Eight months after the Russian invasion and amid a global inflationary crisis, we spoke with Alejandro Rodriguez, Head of Advocacy at ICRICT (Independent Commission for the Reform of International Corporate Taxation), about how the economic impacts of that conflict have the potential to affect Human Rights, including Latin America and the Caribbean. Here are some of the ideas that came out of the dialogue.
1. The conflict between Russia and Ukraine has repercussions on poverty and inequality, including in Latin America.
Because of the globalized world in which we live, everything and everyone is interconnected. Let us start with the fact that Western countries imposed economic sanctions on Russia that increased the prices of oil and natural gas for the rest of Europe, which is highly dependent on imports of these products. Consequently, energy prices on that continent raised, which meant a rise in the cost of goods that Europe provided to the Global South. The war caused Ukraine, one of the world's major producers of fertilizers—such as urea— to stop producing in the quantities it used to. The consequence? Food, which needs immense amounts of them to mass-produce it, also went up in price, deepening poverty and inequality. For the moment, this is one of the impacts of the conflict in Latin America and the Caribbean, as the lowest-income households are the most affected.
2. As a result of price increases, inflation may affect rights
While the conflict has led to the reconfiguration of budgets in countries such as Germany, where military spending doubled for the first time in decades, inflation forced Latin American and Caribbean countries to increase central bank interest rates as a recipe for fighting inflation.

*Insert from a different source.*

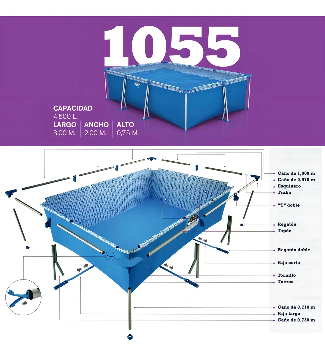 Pelopincho es una reconocida marca Argentina que, desde hace más de 70 años, ofrece productos creativos y adaptados a los consumidores. ¡Todos al agua! Con esta pileta, vas a pasar las mejores tardes de verano: frescas y divertidas. Para todo tipo de espacios Por su forma rectangular y su tamaño amplio y cómodo de 3 m de largo y 2 m de ancho, los meses de calor serán tus preferidos del año para compartir momentos únicos junto a quienes más querés. Comodidad y cuidado Con su válvula de desagüe, vas a poder sacar el agua de una manera mucho más rápida y simple cuando desees limpiarla o vaciarla.

This prescription implies a downturn in the economy (which many economists may call a recession) and may lead states to make austerity decisions —with less spending for sectors related to economic, social, and cultural rights, such as public services. Such decisions are contrary to the first principle of the Human Rights in Fiscal Policy Initiative: Human Rights enforcement must be a fundamental objective of fiscal policy. At the same time, these global shocks are generating an economic decline in many countries, which means lower tax revenues for the welfare and guarantee of the rights of populations.

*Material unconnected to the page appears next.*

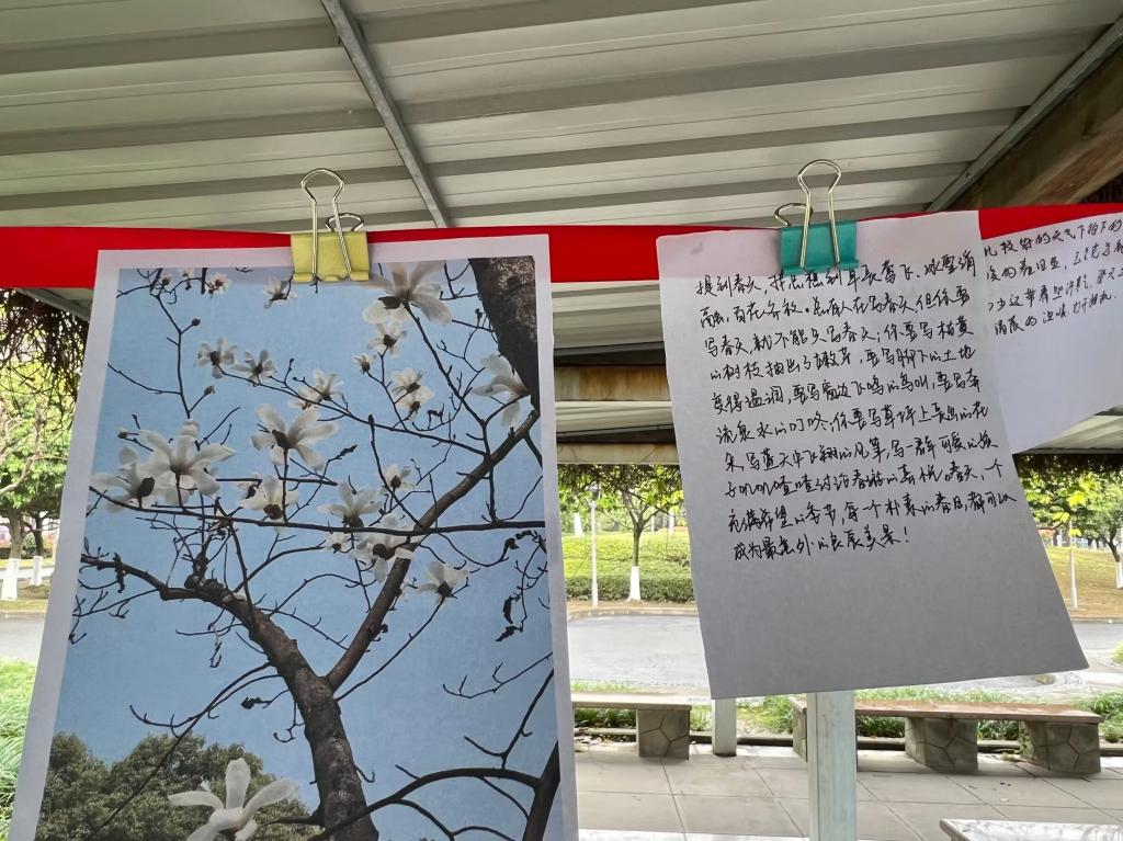 活动开始,同学们积极地前往作品收集地点将自己“留下”的春色和感想进行提交。收集工作结束,工作人员筛选出了优秀的摄影作品进行展示,其中有娇艳欲滴的桃花夹带着含苞的骨朵;也有优雅沉静的白玉兰,袅袅身姿,风度翩翩;也不乏开春发新芽的柳树和桃树,生机勃勃,春意盎然。一幅幅春景图片陪着一批又一批前来观赏“春天”的同学,在初春的习习微风中,将这个美丽的三月,留在更多人的心间。三个小时的活动圆满结束,参与人员们依旧兴致不减,在展览作品中细心选取了自己心怡的图片,每一位收获新了“春景”的同学脸上都洋溢着灿烂的微笑,也将这个春天的美好,送进了更多同学的心里。

3. Latin American and Caribbean states face a new fiscal challenge
States have to implement public spending measures to soften the blows of inflation, but this requires more resources. This option is not so easy, as the countries of Latin America and the Caribbean are already heavily indebted to deal with the effects of the COVID-19 pandemic, and they have a limited financing capacity.
4. But governments are called upon to look at new sources of funding that would allow them to avoid austerity policies.
Wealth taxes, for example, are a fundamental measure that states should contemplate to help respond to the crisis without the need to enter into austerity measures, which have been shown to affect poverty and inequality. But there are measures other than the wealth tax, such as a model of fair taxation of multinationals, with a global minimum rate that would make these companies pay a corporate income tax of at least 21% or 25% in the places where they carry their activities. That would bring a lot of resources to countries who are not receiving resources from multinationals because they divert their profits to jurisdictions that are tax havens or have very low or zero corporate tax rates. This idea makes sense from Principle #14 of the Human Rights in Tax Policy Initiative: non-state actors, including corporations and intermediaries, have Human Rights responsibilities concerning their tax behavior.
5. The Russia-Ukraine conflict has put fiscal challenges. But has also opened an opportunity for transparency measures
The package of sanctions by Western countries on Russia is one way to put pressure on the Putin government. However, the pressure would increase if, among other measures, the assets in tax havens of oligarchs close to the president could be frozen or confiscated. This goes against Principle number 7 of the Human Rights in Tax Policy Initiative, which refers to the need for transparency in these matters. According to data from the European Tax Observatory, the wealth of Russian millionaires outside Russia is equivalent to 85% of Russia's national income. The problem is that it is unknown where it is, and there are no ways to confiscate such assets.